Did the VRAB err in law by basing its Decision on a patently unreasonable finding, namely that the Applicant was not entitled to full disability pension?
Did the VRAB err in law by not accepting the uncontradicted medical evidence presented by the Applicant and by failing to draw from the evidence every reasonable inference in favour of the Applicant?
Did the VRAB err in law by not applying the proper test for reconsideration?
ARGUMENTS
Applicant
Standard of Review
[32] Except with respect to errors of jurisdiction, the Applicant says that the appropriate standard of review in this case is that of patent unreasonableness. Accordingly, the Court's intervention is warranted if the Applicant succeeds in establishing that the Decision contains an error of law or is so unreasonable, arbitrary or absurd that it was made in disregard of the material before it (UES, Local 298 v. Bibeault, [1988] 2 S.C.R. 1048 at 1086 per Beetz, J.; MacDonald v. Canada (Attorney General), [1999] F.C.J. No. 346 (T.D.); Wood v. Canada (Attorney General), [2001] F.C.J. No. 52 (T.D.); Hunt v. Canada (Minister of Veterans Affairs), [1998] F.C.J. No. 377 (T.D.)).
[33] An administrative tribunal loses jurisdiction only if it acts in a patently unreasonable manner. Where, however, the issue is a breach of a legislative provision limiting a board's power, "a mere error will cause it to lose jurisdiction" (Canada (Attorney General) v. Public Service Alliance of Canada, [1993] 1 S.C.R. 941; Pezim v. British Columbia (Securities Commission), [1994] 2 S.C.R. 557).
Jurisdictional Errors
[34] The Applicant submits that the VRAB committed a jurisdictional error when it failed to draw from the evidence every reasonable inference in favour of the Applicant and failed to accept uncontradicted evidence, contrary to ss. 3 and 39 of the Appeal Board Act and in a manner that is inconsistent with ss. 2 and 21 of the Pension Act.
[35] Section 3 of the Appeal Board Act mandates that its provisions are to be liberally construed and interpreted in favour of an applicant. Subsection 39(b) of the Appeal Board Act states that the VRAB shall accept any uncontradicted evidence presented to it by an applicant that it considers to be credible in the circumstances.
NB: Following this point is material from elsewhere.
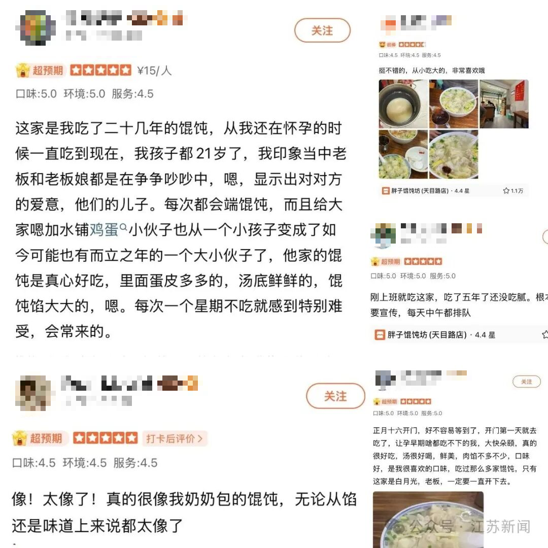 吃馄饨的客人,有的还会与门口的店主攀谈几句。原来店主姓吴,大家都叫她吴姐,1996年下岗后开了这家小店。小店一开就是近30年,按吴姐的话说:“馄饨一直保持老南京味道。”听旁边的顾客补充,胖子馄饨的忠实拥趸不乏名人,女排国手惠若琪、演员陶泽如都爱光顾。
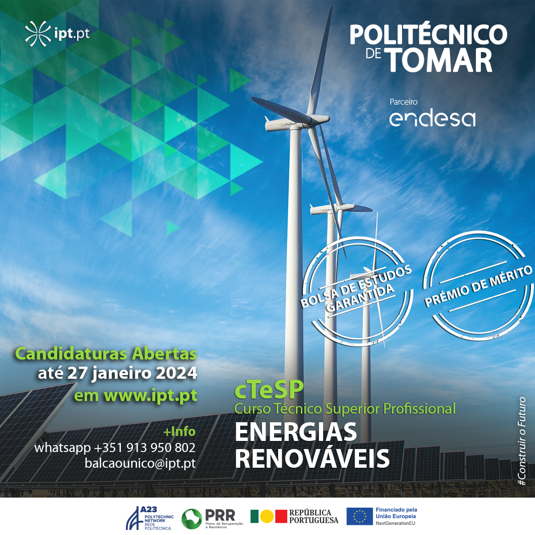 O prazo de candidaturas para o novo curso Técnico Superior Profissional (cTeSP) em Energias Renováveis do Politécnico de Tomar (IPT) foi prolongado até ao próximo dia 27 de janeiro. Os interessados devem submeter a sua candidatura através do portal IPT em https://portal2.ipt.pt/pt/candidaturas/.

Subsections 39(a) and (c) state that the VRAB must draw every reasonable inference in favour of an applicant, and resolve any doubt in favour of an applicant.
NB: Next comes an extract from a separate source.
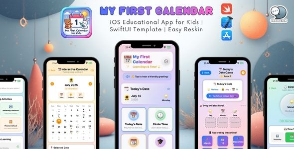 Complete My First Calendar iOS calendar-learning app with games, quizzes, and audio narration • Fully customizable • iPhone + iPad Transform calendar learning into an adventure! My First Calendar is a comprehensive, production-ready iOS app template designed to engage children in learning about calendars, days of the week, months, and time concepts through interactive games and activities. Built with SwiftUI and modern iOS development practices, this template is ideal for developers, entrepreneurs, and educators who want to launch a professional educational calendar app quickly. Key Features Interactive Learning Modes- Today’s Date Game — fun drag-and-drop gameplay to learn the current date

[36] The effect of s. 39 of the Appeal Board Act is to give claimants the benefit of any reasonable doubt:
While paragraphs (a), (b) and (c) of this section [39] may not create a reverse onus by requiring the respondent to establish that a veteran's injury or medical condition was not attributable to military service, they go a considerable way in this direction by requiring, in effect, that claimants be given the benefit of any reasonable doubt.
Metcalfe v. Canada (Attorney General), [1999] F.C.J. No. 22 (T.D.) at para. 17.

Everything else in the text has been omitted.